Please repeat, exactly as they stand, the line containing "Zámek byl chytře" and the lines after it through the final line of the listing below, minus pictures.

• MATERIAL PROVIDED:
····················
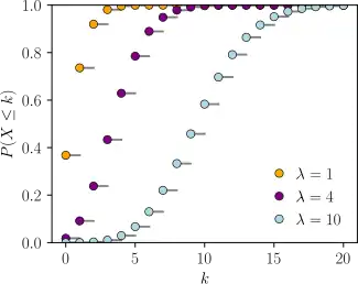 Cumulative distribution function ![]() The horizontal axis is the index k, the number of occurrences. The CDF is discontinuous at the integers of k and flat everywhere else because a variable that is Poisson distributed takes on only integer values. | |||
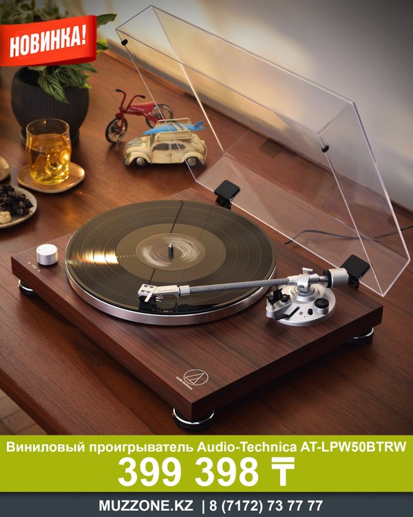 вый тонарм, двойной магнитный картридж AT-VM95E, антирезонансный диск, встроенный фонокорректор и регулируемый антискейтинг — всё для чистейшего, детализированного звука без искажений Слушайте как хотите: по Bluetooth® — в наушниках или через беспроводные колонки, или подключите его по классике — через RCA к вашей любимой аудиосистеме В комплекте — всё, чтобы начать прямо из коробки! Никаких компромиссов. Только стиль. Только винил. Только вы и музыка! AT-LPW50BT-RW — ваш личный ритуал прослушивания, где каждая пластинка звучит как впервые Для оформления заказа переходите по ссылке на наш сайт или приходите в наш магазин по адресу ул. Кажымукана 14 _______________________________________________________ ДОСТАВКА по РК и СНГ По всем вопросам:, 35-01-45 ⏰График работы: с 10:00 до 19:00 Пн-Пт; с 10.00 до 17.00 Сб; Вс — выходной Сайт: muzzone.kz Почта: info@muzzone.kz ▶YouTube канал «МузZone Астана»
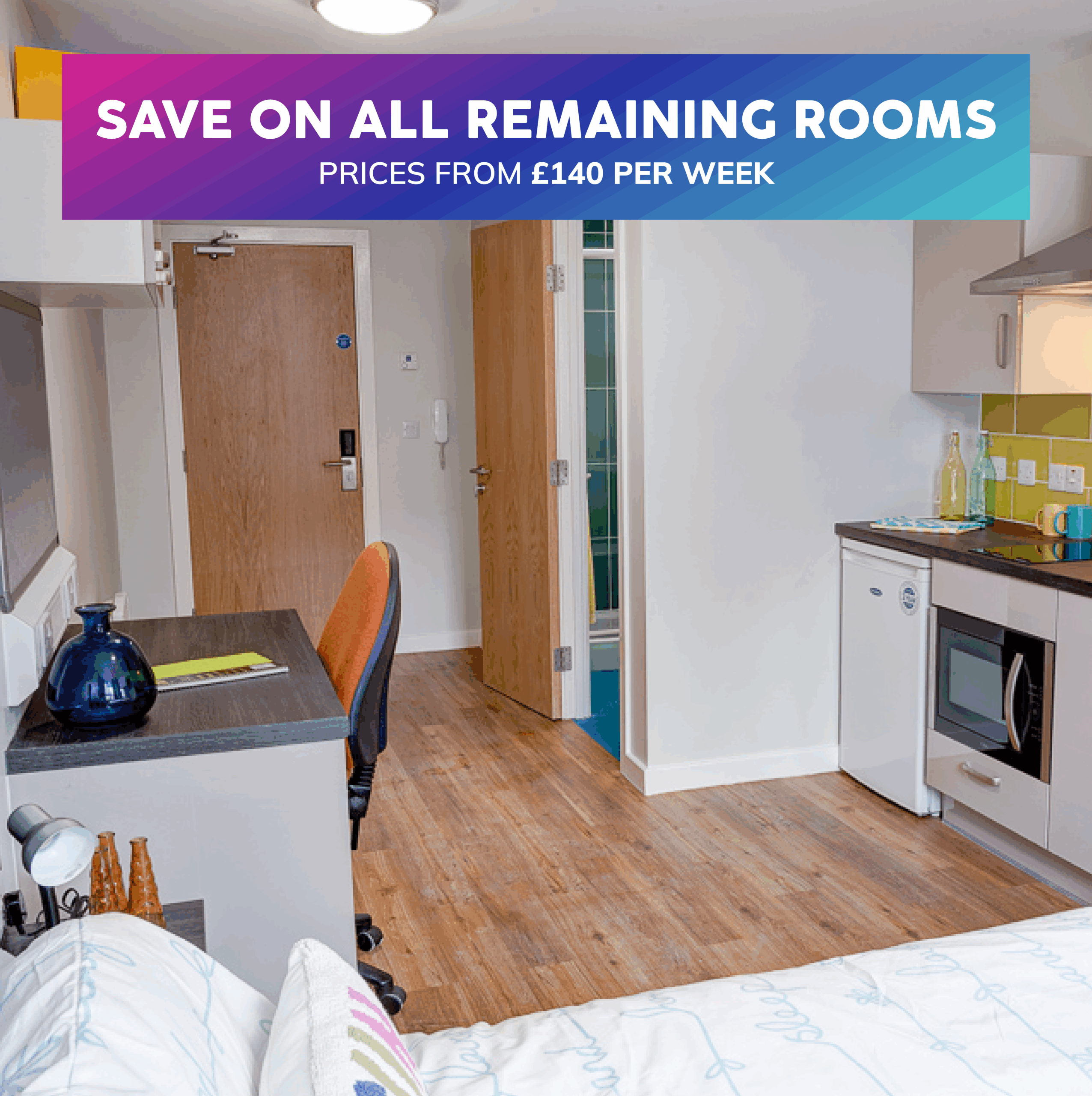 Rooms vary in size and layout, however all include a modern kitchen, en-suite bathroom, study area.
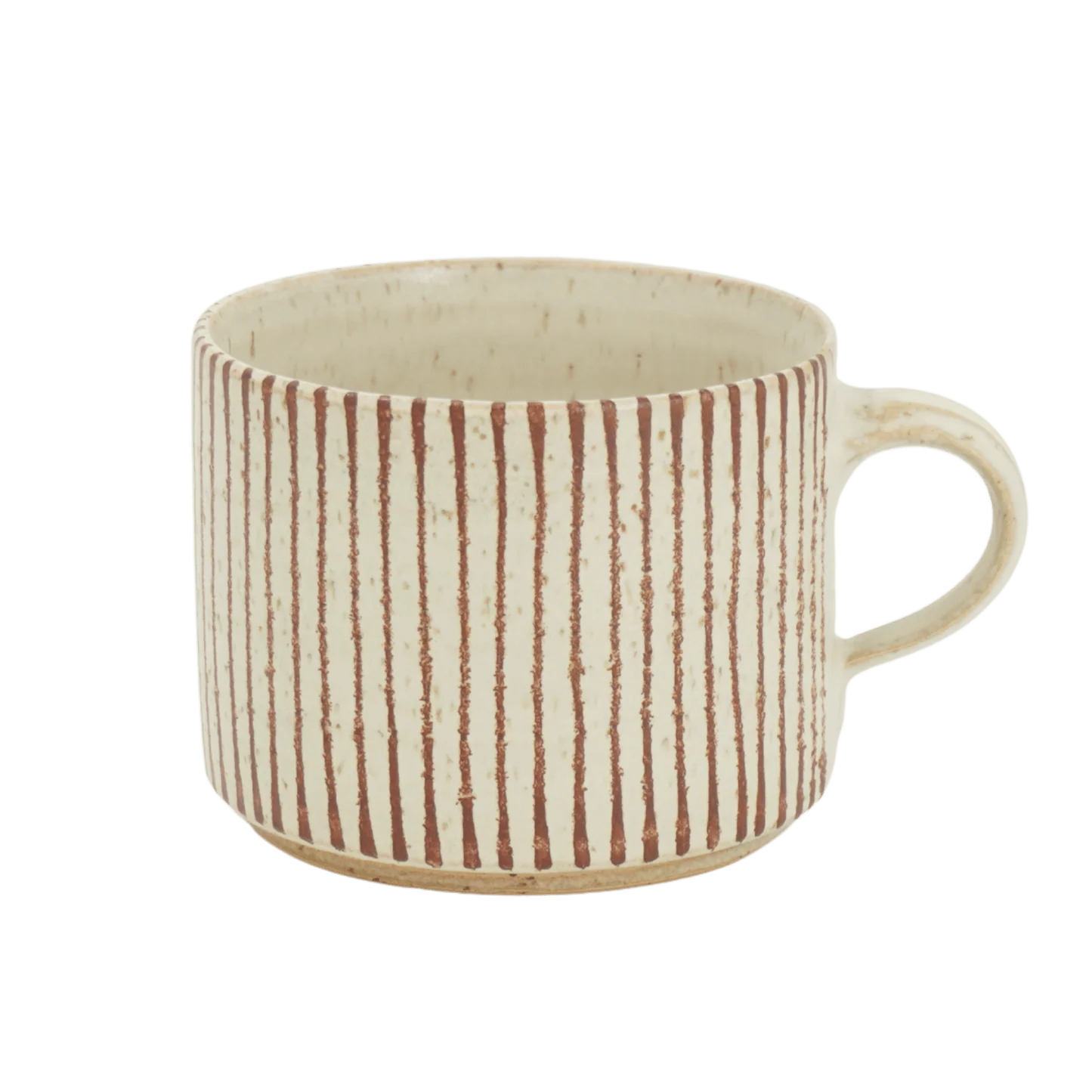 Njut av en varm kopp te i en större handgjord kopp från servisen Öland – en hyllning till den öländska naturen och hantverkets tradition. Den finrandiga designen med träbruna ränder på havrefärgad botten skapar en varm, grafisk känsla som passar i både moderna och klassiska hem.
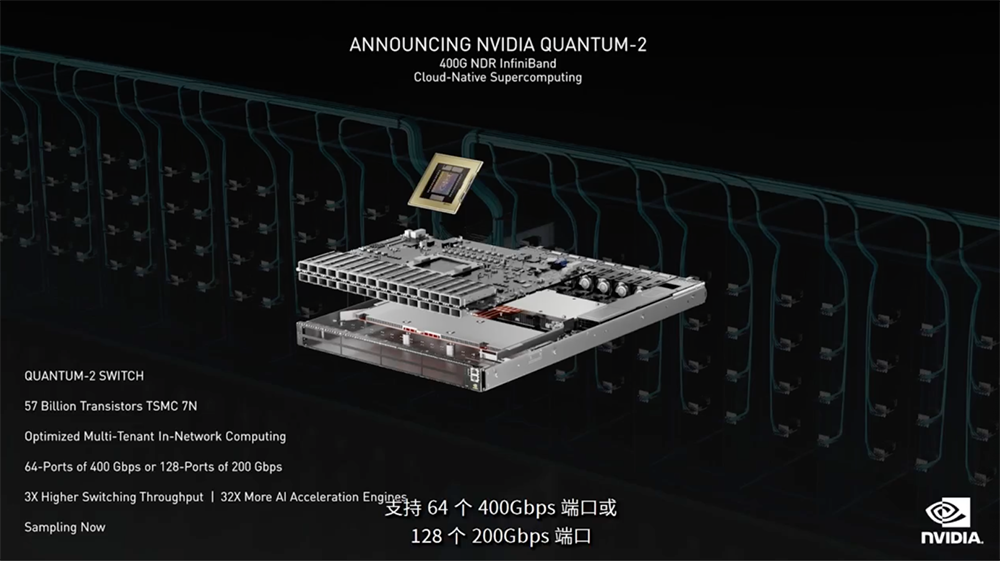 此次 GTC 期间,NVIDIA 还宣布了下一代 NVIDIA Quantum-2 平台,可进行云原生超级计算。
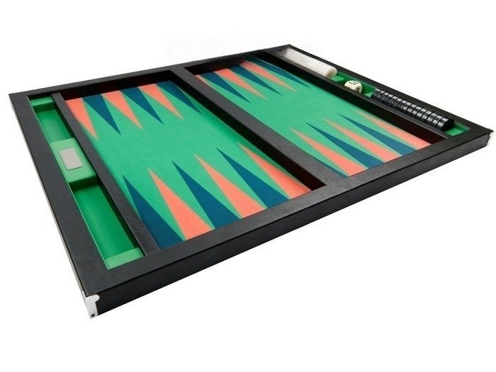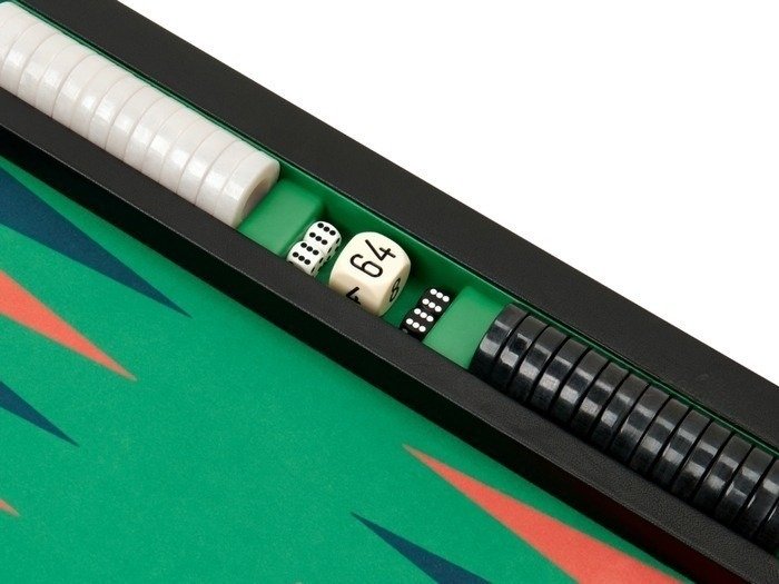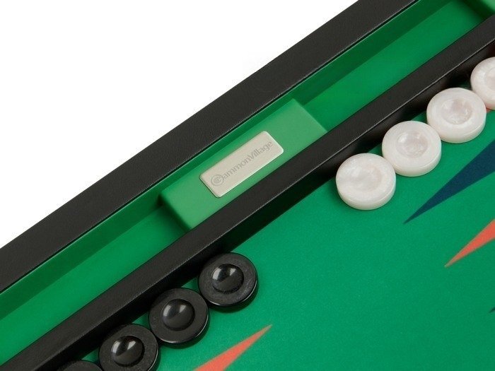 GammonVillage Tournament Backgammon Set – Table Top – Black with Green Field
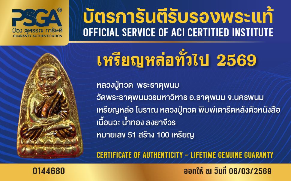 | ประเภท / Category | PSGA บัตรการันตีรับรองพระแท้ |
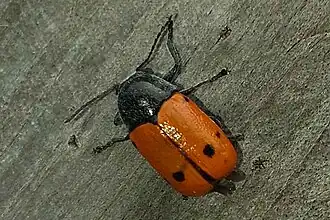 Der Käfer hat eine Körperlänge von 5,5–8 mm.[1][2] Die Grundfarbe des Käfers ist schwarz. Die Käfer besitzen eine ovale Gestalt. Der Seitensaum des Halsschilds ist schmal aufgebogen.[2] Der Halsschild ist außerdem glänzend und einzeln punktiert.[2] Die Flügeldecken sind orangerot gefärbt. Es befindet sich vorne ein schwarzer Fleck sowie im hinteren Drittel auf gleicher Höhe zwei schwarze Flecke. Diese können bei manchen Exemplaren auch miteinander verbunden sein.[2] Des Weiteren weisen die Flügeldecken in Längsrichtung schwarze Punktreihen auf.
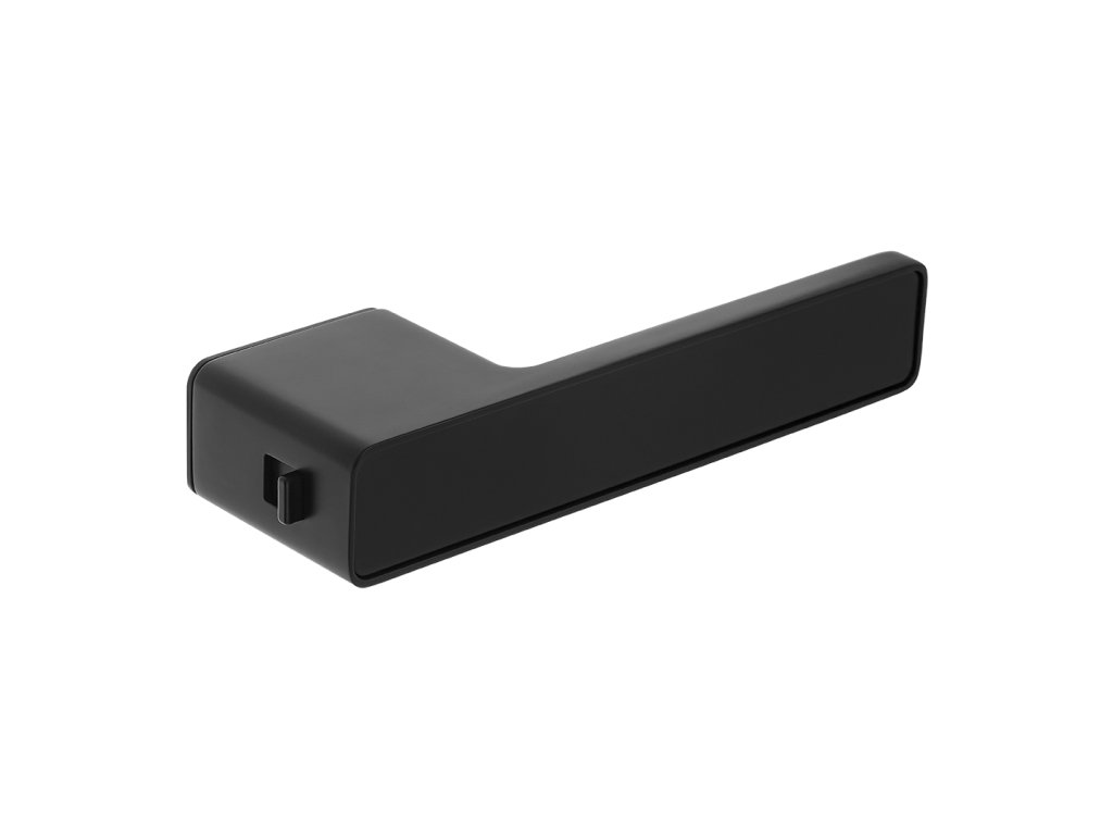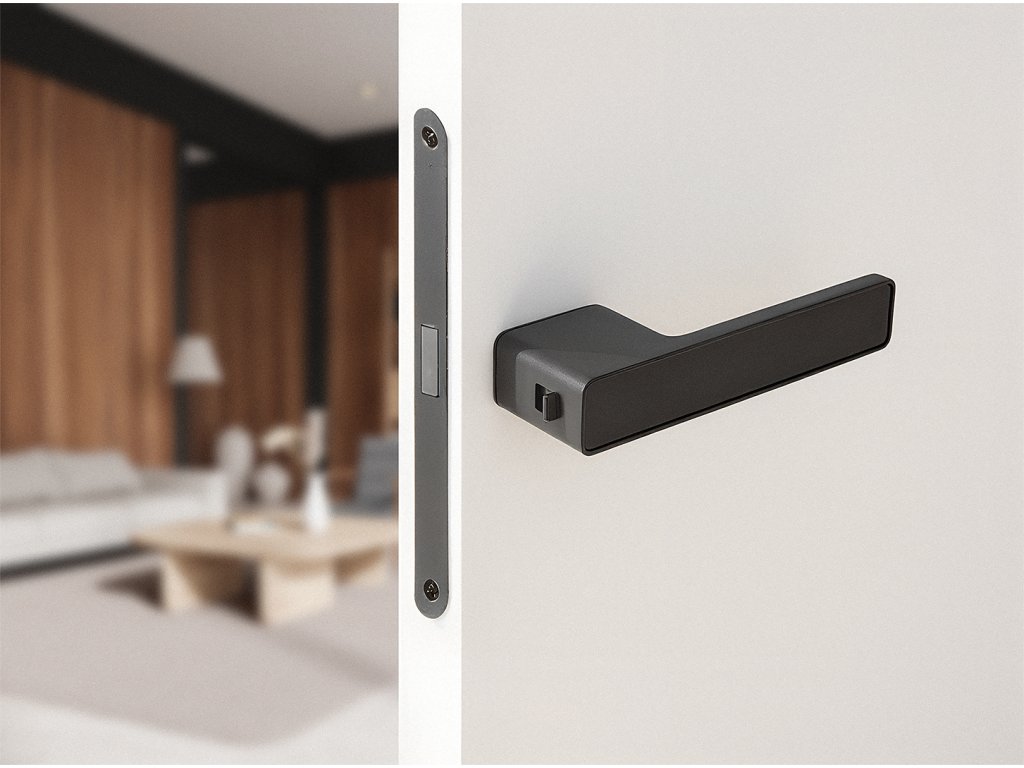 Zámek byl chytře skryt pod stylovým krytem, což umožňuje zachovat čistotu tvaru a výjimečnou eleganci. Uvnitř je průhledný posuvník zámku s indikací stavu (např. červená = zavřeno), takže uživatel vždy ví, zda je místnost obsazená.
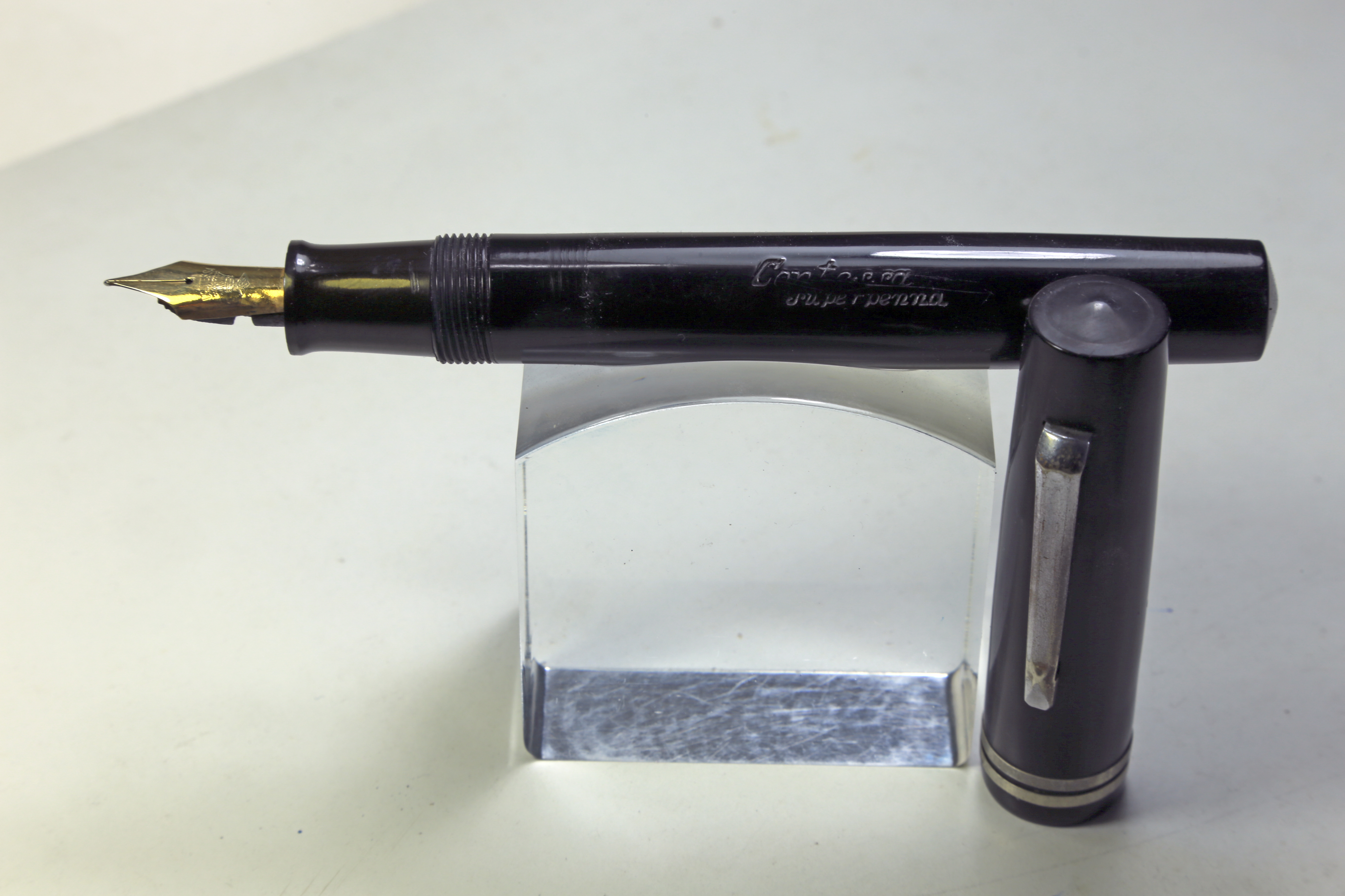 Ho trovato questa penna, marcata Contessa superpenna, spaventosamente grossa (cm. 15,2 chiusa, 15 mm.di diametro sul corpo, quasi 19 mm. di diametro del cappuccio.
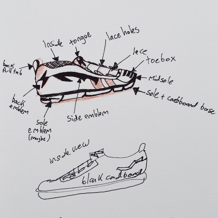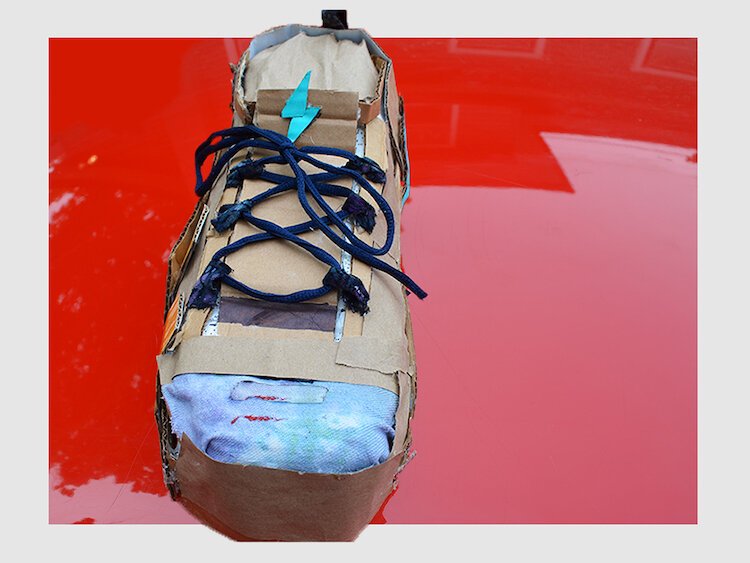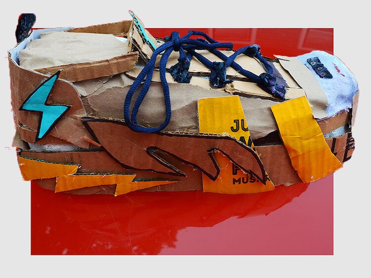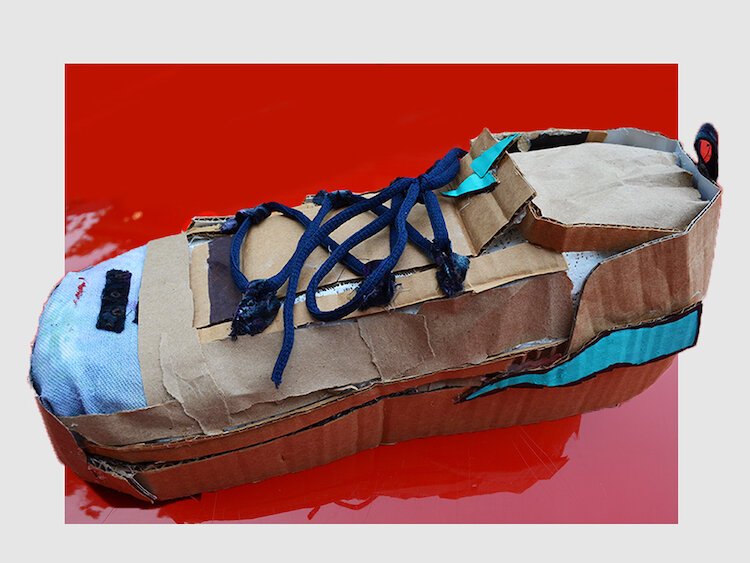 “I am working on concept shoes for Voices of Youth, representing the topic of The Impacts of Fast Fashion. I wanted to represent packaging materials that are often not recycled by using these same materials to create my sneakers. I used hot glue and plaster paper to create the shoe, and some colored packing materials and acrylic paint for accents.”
····················
• SOLUTION TO THE PROBLEM:
 Zámek byl chytře skryt pod stylovým krytem, což umožňuje zachovat čistotu tvaru a výjimečnou eleganci. Uvnitř je průhledný posuvník zámku s indikací stavu (např. červená = zavřeno), takže uživatel vždy ví, zda je místnost obsazená.
 Ho trovato questa penna, marcata Contessa superpenna, spaventosamente grossa (cm. 15,2 chiusa, 15 mm.di diametro sul corpo, quasi 19 mm. di diametro del cappuccio.
 “I am working on concept shoes for Voices of Youth, representing the topic of The Impacts of Fast Fashion. I wanted to represent packaging materials that are often not recycled by using these same materials to create my sneakers. I used hot glue and plaster paper to create the shoe, and some colored packing materials and acrylic paint for accents.”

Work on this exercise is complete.